__What you are asked to do__: Starting with the line that contains "လူမှုဝန်ထမ်း၊ ကယ်ဆယ်ရေးနှင့် ပြန်လည်နေရာချထားရေးဝန်ကြီးဌာန၊" and stopping after the line that contains "チュール入り引き揃え糸(297) 20g オーロラハートチュール 手染め糸", return each line below exactly as written, with no others.

__Dataset content__:
——————
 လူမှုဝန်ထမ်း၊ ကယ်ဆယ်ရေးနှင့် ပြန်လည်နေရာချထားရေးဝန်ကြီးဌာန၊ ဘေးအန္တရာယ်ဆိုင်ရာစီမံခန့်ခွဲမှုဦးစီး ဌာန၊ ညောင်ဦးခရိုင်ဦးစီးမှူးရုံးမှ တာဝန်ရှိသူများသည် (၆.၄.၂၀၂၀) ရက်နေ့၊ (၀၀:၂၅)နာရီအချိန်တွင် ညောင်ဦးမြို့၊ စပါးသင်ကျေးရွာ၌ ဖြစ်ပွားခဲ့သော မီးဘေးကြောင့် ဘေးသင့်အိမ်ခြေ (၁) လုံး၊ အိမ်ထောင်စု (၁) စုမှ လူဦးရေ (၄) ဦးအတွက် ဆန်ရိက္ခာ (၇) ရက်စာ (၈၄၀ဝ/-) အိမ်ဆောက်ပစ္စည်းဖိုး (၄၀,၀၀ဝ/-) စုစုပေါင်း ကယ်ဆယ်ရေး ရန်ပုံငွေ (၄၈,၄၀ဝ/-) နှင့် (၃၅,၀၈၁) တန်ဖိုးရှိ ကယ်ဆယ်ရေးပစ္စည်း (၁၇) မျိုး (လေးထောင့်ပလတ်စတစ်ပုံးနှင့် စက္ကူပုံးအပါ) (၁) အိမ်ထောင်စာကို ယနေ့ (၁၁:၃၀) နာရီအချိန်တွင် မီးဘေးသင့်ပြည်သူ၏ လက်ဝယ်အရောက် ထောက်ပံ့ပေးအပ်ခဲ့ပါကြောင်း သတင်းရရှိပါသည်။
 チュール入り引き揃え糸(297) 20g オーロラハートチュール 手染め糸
——————
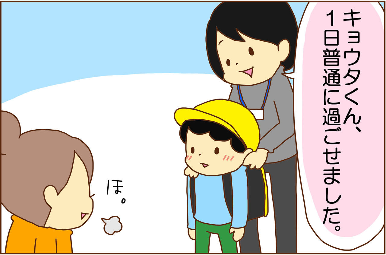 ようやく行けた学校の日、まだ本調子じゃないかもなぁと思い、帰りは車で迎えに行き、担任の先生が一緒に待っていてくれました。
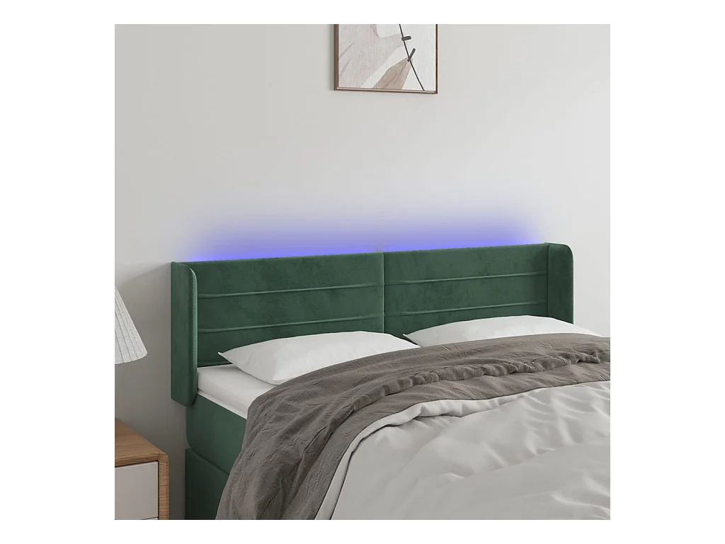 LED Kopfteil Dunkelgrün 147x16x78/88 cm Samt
——————
__Answer for the task__:
 လူမှုဝန်ထမ်း၊ ကယ်ဆယ်ရေးနှင့် ပြန်လည်နေရာချထားရေးဝန်ကြီးဌာန၊ ဘေးအန္တရာယ်ဆိုင်ရာစီမံခန့်ခွဲမှုဦးစီး ဌာန၊ ညောင်ဦးခရိုင်ဦးစီးမှူးရုံးမှ တာဝန်ရှိသူများသည် (၆.၄.၂၀၂၀) ရက်နေ့၊ (၀၀:၂၅)နာရီအချိန်တွင် ညောင်ဦးမြို့၊ စပါးသင်ကျေးရွာ၌ ဖြစ်ပွားခဲ့သော မီးဘေးကြောင့် ဘေးသင့်အိမ်ခြေ (၁) လုံး၊ အိမ်ထောင်စု (၁) စုမှ လူဦးရေ (၄) ဦးအတွက် ဆန်ရိက္ခာ (၇) ရက်စာ (၈၄၀ဝ/-) အိမ်ဆောက်ပစ္စည်းဖိုး (၄၀,၀၀ဝ/-) စုစုပေါင်း ကယ်ဆယ်ရေး ရန်ပုံငွေ (၄၈,၄၀ဝ/-) နှင့် (၃၅,၀၈၁) တန်ဖိုးရှိ ကယ်ဆယ်ရေးပစ္စည်း (၁၇) မျိုး (လေးထောင့်ပလတ်စတစ်ပုံးနှင့် စက္ကူပုံးအပါ) (၁) အိမ်ထောင်စာကို ယနေ့ (၁၁:၃၀) နာရီအချိန်တွင် မီးဘေးသင့်ပြည်သူ၏ လက်ဝယ်အရောက် ထောက်ပံ့ပေးအပ်ခဲ့ပါကြောင်း သတင်းရရှိပါသည်။
 チュール入り引き揃え糸(297) 20g オーロラハートチュール 手染め糸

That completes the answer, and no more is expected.